> **Data to use**
-- Opening Marker --
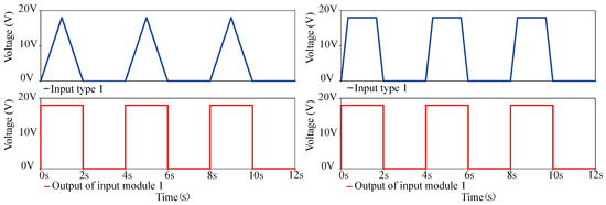 The initial memristance of is . If , the memristance of decreases to . If , the memristance of increases to . If , , and are constructed as a simple comparator. outputs when the non-inverting input voltage of is greater than the inverting input voltage of . can reduce signal distortion during transmission by providing low output impedance. It improves the waveform of the signal and maintains signal integrity. The initial memristance of is . The connection mode of is a reverse connection. When the applied voltage is greater than in , the memristance of increases from to in a short time. The voltage of is limited to a meager value. It can prevent excessive input voltage from damaging the circuit in this paper. The simulation results of the input module are shown in Figure 3. Input types 1 and 2 are triangle and trapezoid signals, respectively. Triangle and trapezoid signals become regular pulse signals after the filtration of the input module.
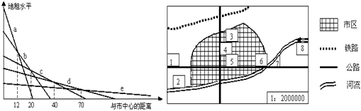 (1)图中a—e表示小麦种植业、花卉与乳牛业、工业、商业、住宅用地付租能力随距离递减的情况,请将字母填入表中。(8分)
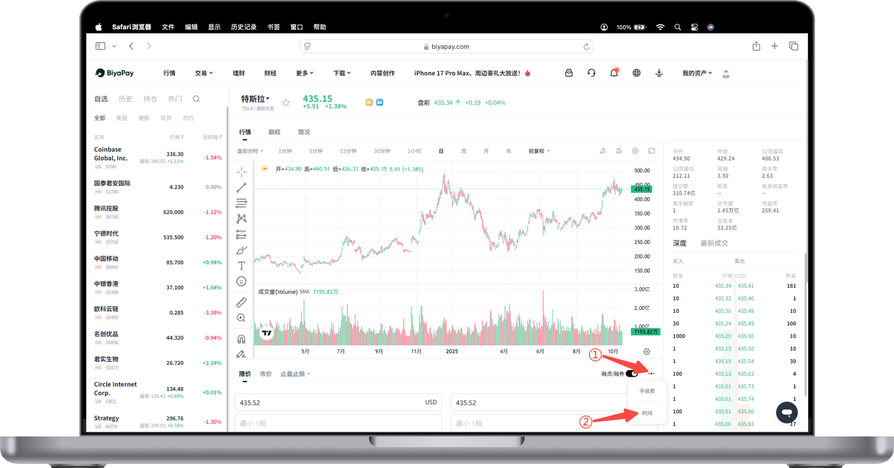 您可以点击股票【交易】页面右下角的三个小点,选择【时间】
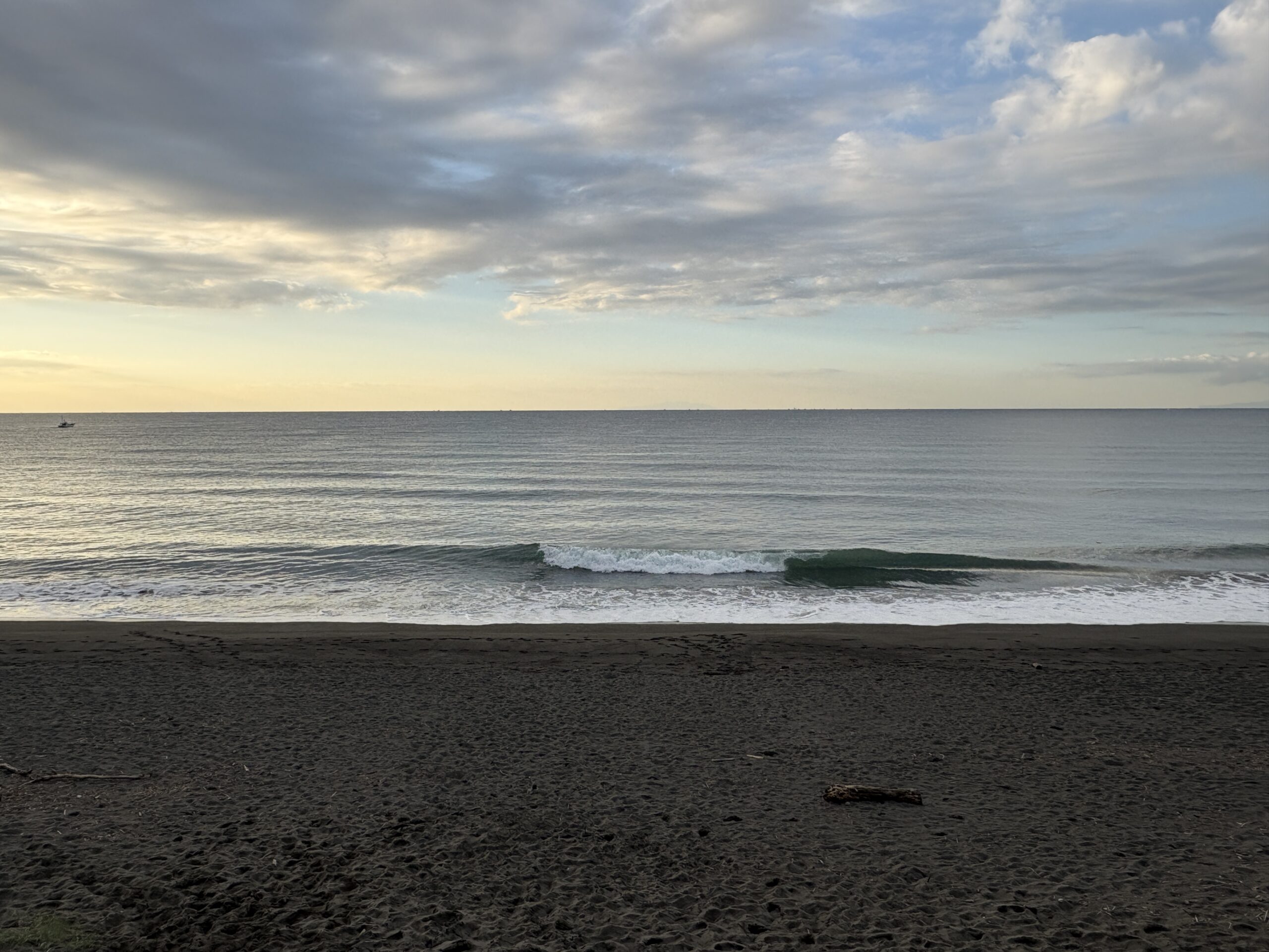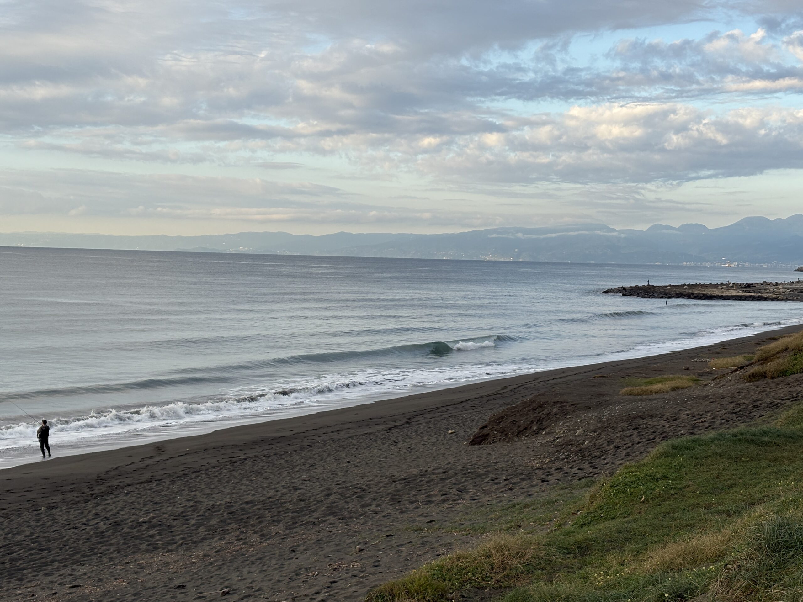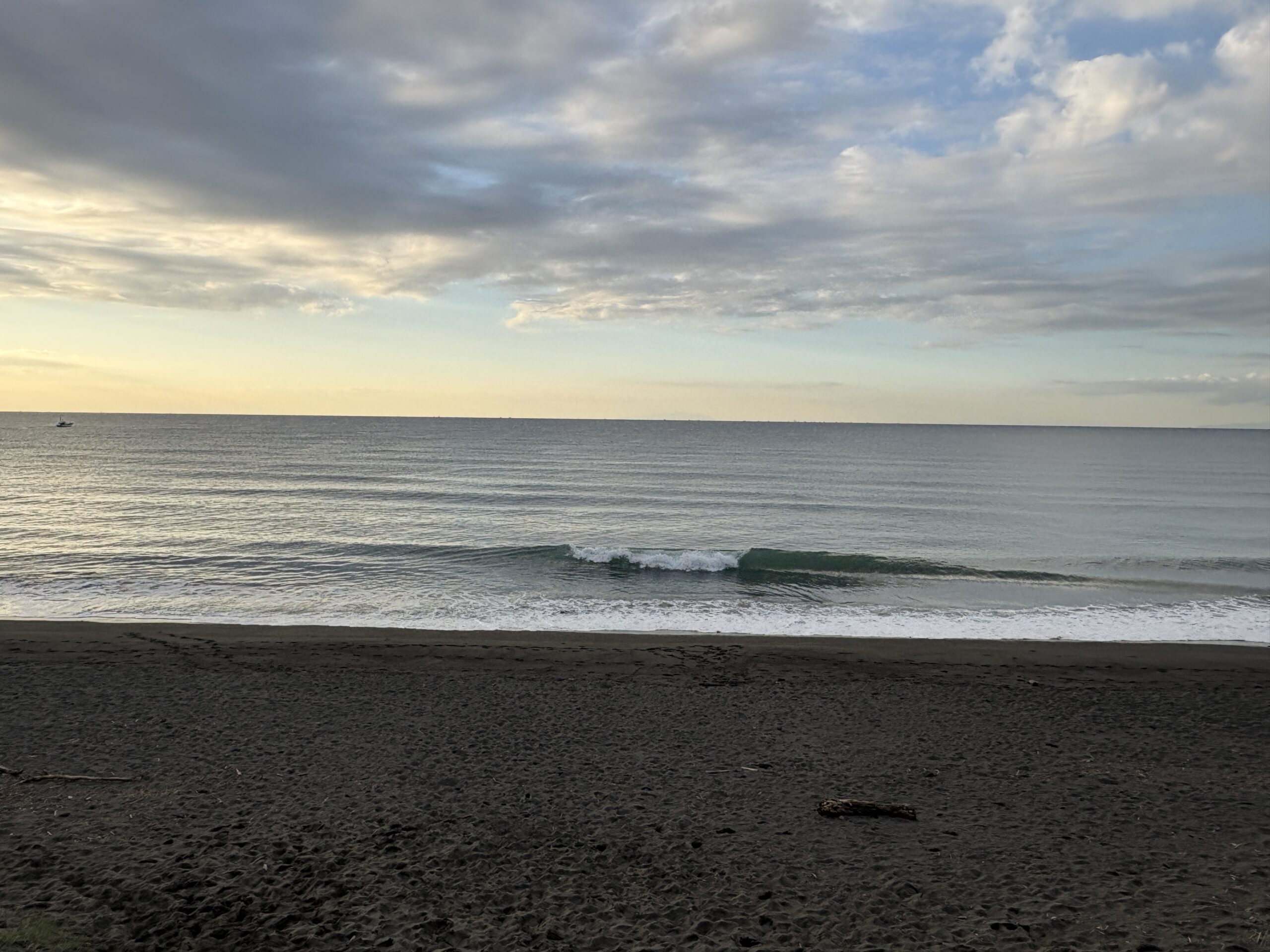 海はウネリの間隔が狭い膝前後のウネリが入りますが、沖で割れ辛くインサイドブレイクで、夜明け時から入っているカリフォルニア・ポケのテッペイ君曰く、やや潮が引いた夜明け時から割れ辛かったとの事。
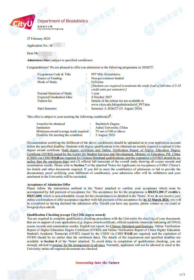 香港城市大学生物统计学理学硕士研究生offer一枚
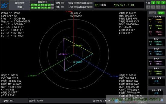 此時(shí)將系統(tǒng)運(yùn)行起來(lái),通過(guò)功率分析儀的數(shù)據(jù)和波形再次進(jìn)行驗(yàn)證,電壓波形圖和矢量圖都很完美。
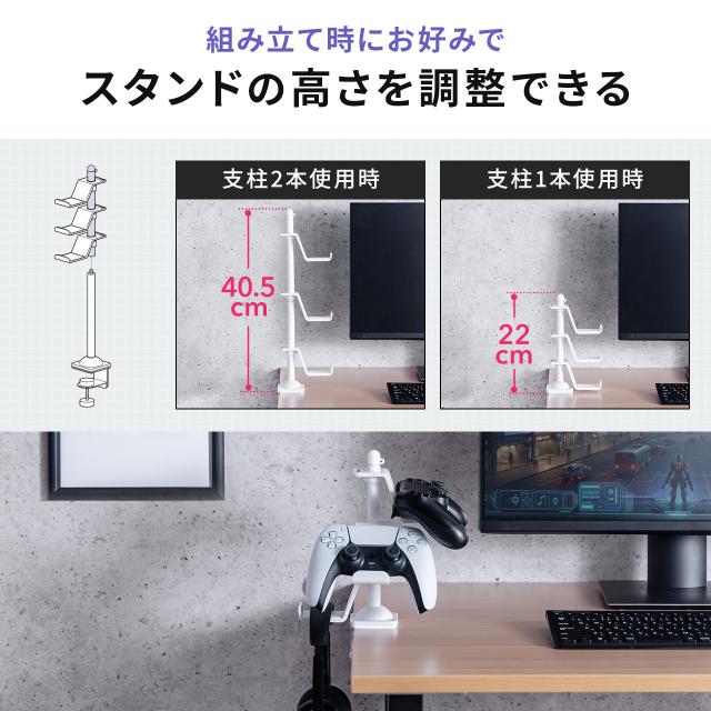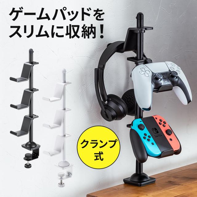 コントローラースタンド クランプ固定式 転倒防止 ゲームパッド ヘッドホン スタンド PS5 PS4 switch 対応 充電用スリット 卓上 デスク下 収納ラック 収納スタンド ブラック ホワイト[200-GAP012]
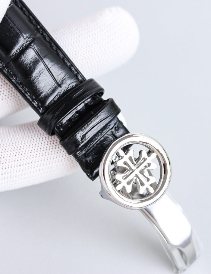 This exquisite Patek Philippe chronograph watch combines timeless elegance with expert craftsmanship. Featuring a sleek stainless steel case and a sophisticated black leather strap, it embodies luxury and precision. The clean white dial showcases detailed subdials for multifunctionality, making it perfect for both formal and professional settings. Ideal for discerning watch enthusiasts who appreciate style and reliability.
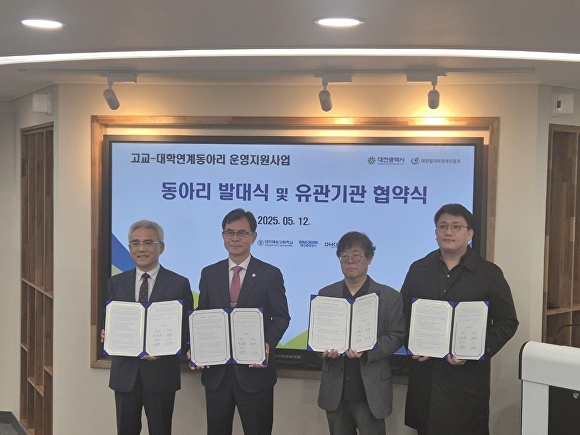 [아이뉴스24 박희석 기자] 대전관광공사는 12일 대전예술고등학교에서 목원대학교, 대전예술고등학교, ㈜디몽과 4자 간 산학협력 업무협약을 체결했다. 이번 협약은 교육부의 교육발전특구 시범사업 일환으로 2024년 대전시가 유치한 연간 200억원(5년간) 규모의 사업 추진 협력체계 구축을 위해 마련됐다.
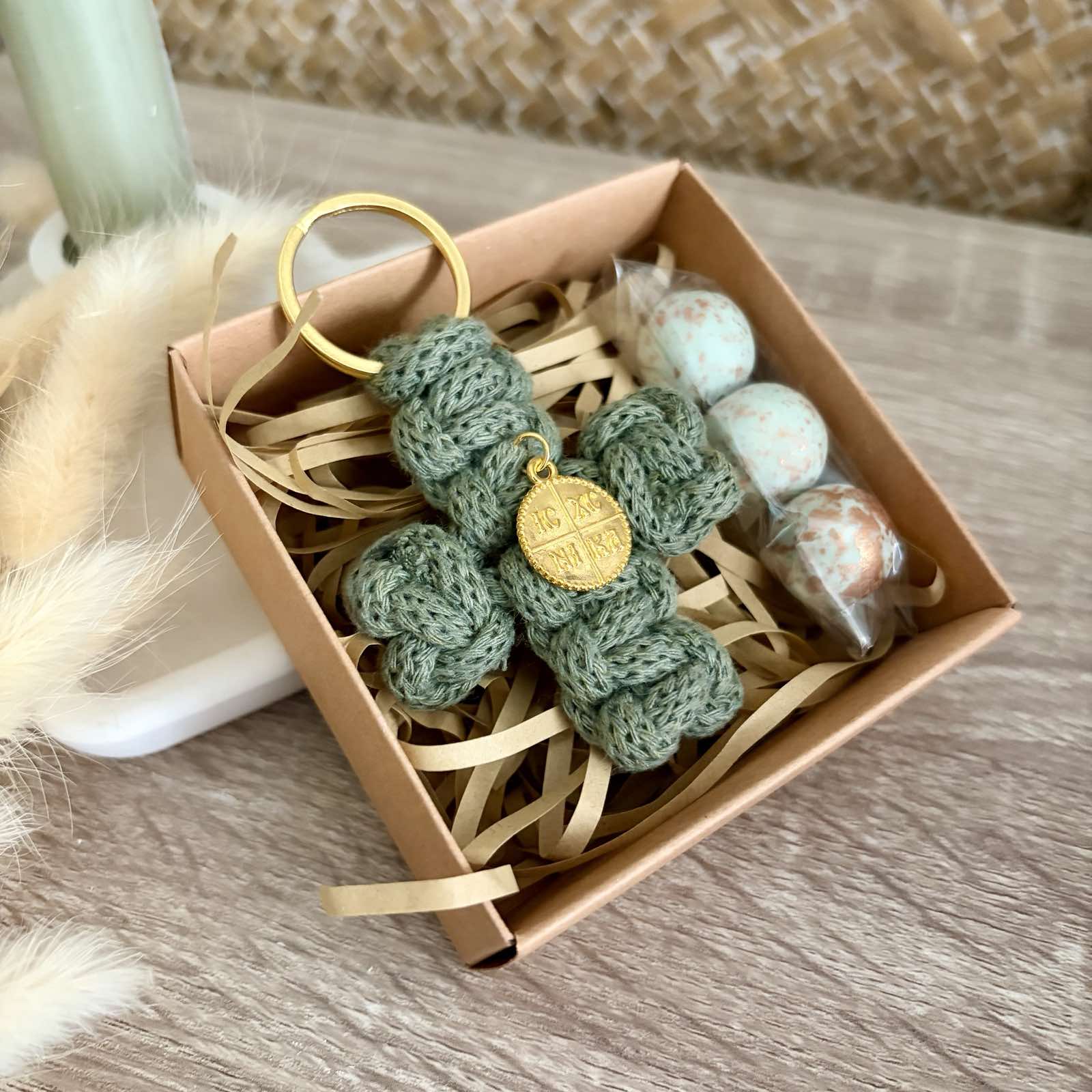 Μπομπονιέρα Βάπτισης Μακραμέ Σταυρός Μπρελόκ Σε Κουτάκι
-- Closing Marker --
> **What is required**
Your copy should hold exactly the lines from the line containing "(1)图中a—e表示小麦种植" through the last line of the listing above, both included, and no pictures.

> **Completed task**
 (1)图中a—e表示小麦种植业、花卉与乳牛业、工业、商业、住宅用地付租能力随距离递减的情况,请将字母填入表中。(8分)
 您可以点击股票【交易】页面右下角的三个小点,选择【时间】
 海はウネリの間隔が狭い膝前後のウネリが入りますが、沖で割れ辛くインサイドブレイクで、夜明け時から入っているカリフォルニア・ポケのテッペイ君曰く、やや潮が引いた夜明け時から割れ辛かったとの事。
 香港城市大学生物统计学理学硕士研究生offer一枚
 此時(shí)將系統(tǒng)運(yùn)行起來(lái),通過(guò)功率分析儀的數(shù)據(jù)和波形再次進(jìn)行驗(yàn)證,電壓波形圖和矢量圖都很完美。
 コントローラースタンド クランプ固定式 転倒防止 ゲームパッド ヘッドホン スタンド PS5 PS4 switch 対応 充電用スリット 卓上 デスク下 収納ラック 収納スタンド ブラック ホワイト[200-GAP012]
 This exquisite Patek Philippe chronograph watch combines timeless elegance with expert craftsmanship. Featuring a sleek stainless steel case and a sophisticated black leather strap, it embodies luxury and precision. The clean white dial showcases detailed subdials for multifunctionality, making it perfect for both formal and professional settings. Ideal for discerning watch enthusiasts who appreciate style and reliability.
 [아이뉴스24 박희석 기자] 대전관광공사는 12일 대전예술고등학교에서 목원대학교, 대전예술고등학교, ㈜디몽과 4자 간 산학협력 업무협약을 체결했다. 이번 협약은 교육부의 교육발전특구 시범사업 일환으로 2024년 대전시가 유치한 연간 200억원(5년간) 규모의 사업 추진 협력체계 구축을 위해 마련됐다.
 Μπομπονιέρα Βάπτισης Μακραμέ Σταυρός Μπρελόκ Σε Κουτάκι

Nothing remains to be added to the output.